Charlie Williams (born 1971) is an English writer who has published six novels and a number of shorter works. Williams grew up in the town of Worcester on the borders of Western England, and was educated at Swansea University.

Books
Five of Williams' novels comprise The Mangel Series, about nightclub doorman Royston Blake and set in the fictional town of Mangel, which is based loosely on Worcester itself. Deadfolk was published in 2004, Fags and Lager in 2005, King of the Road in 2006, One Dead Hen in 2011 and Made of Stone in 2013. Comic, rural noir in the style of writers such as Jim Thompson, they use a colloquial first-person narrative throughout, in dialect, with Royston Blake as narrator.

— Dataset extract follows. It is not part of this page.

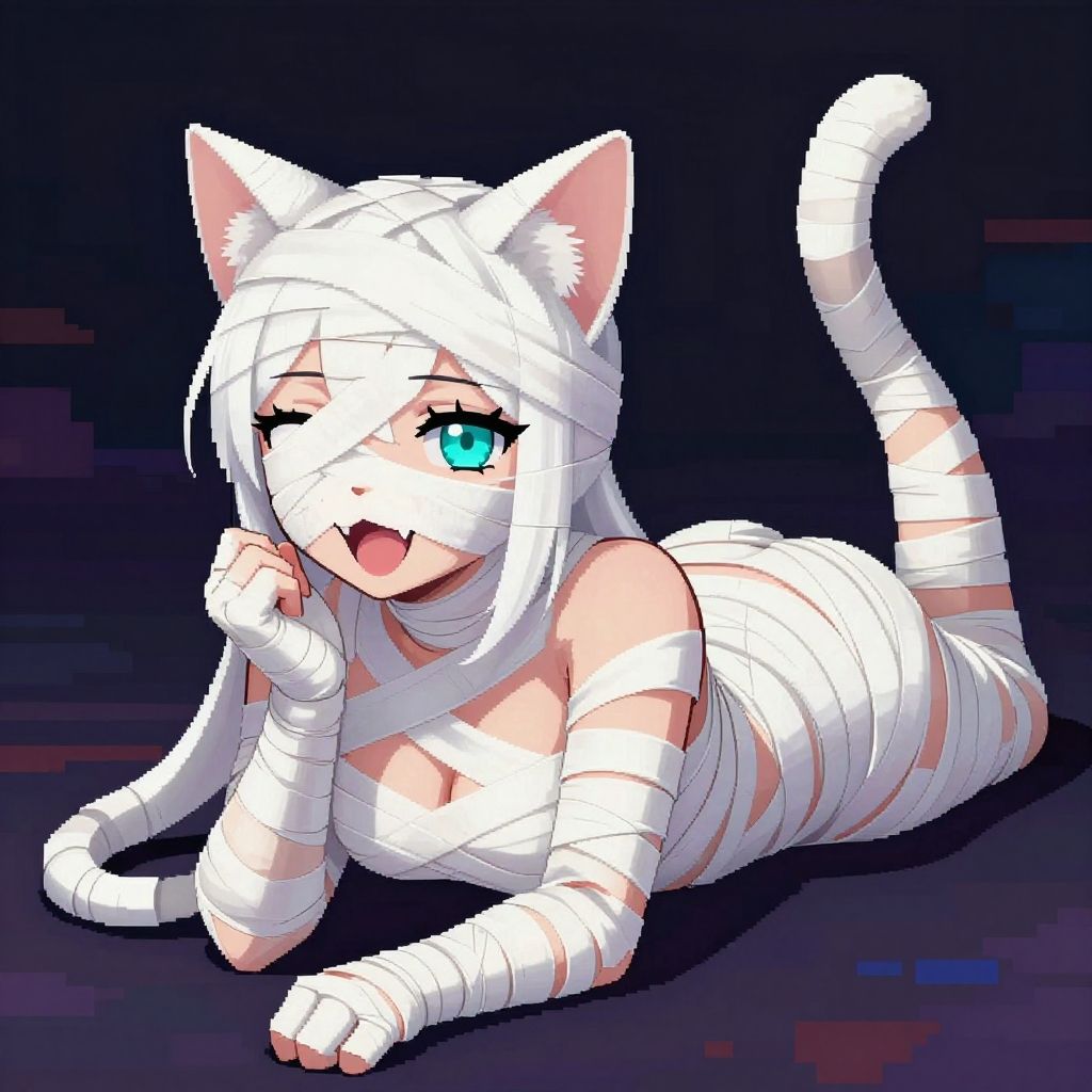 Pixel art, 64 bit, best quality, masterpiece, professional photograph shot, 1girl, Beautiful, Very Beautiful, Very Very Beautiful, (Anime Style of a A white mummy catgirl with white bandages instead of clothes lies on her stomach, and her hair covers one of her beautiful turquoise eyes. Bows of bandages on the back and raised feet. She is smiling and her skin-colored fangs, her mouth is open. She uses her hands to represent cat's paws. Beautiful white fluffy tail with abstract dark background:1.8), cinematic, hd, 4k, 8k, highly detailed, trending artstation, Pixelate, Hard Light, colorful, abstract dark background, mummy style, sexy attire, catlingerie

Thematically the novels explore dysfunctional masculinity and the decline and alienation of provincial Britain, and are littered with references to popular cultural icons of the seventies and eighties (Blake's, and Williams', formative period). Previous to the success of the Mangel Trilogy Williams had attempted for some years to break into the horror genre, and the sensibilities of that field are detectable in his published work (see, for example, the chainsaw scene in Deadfolk).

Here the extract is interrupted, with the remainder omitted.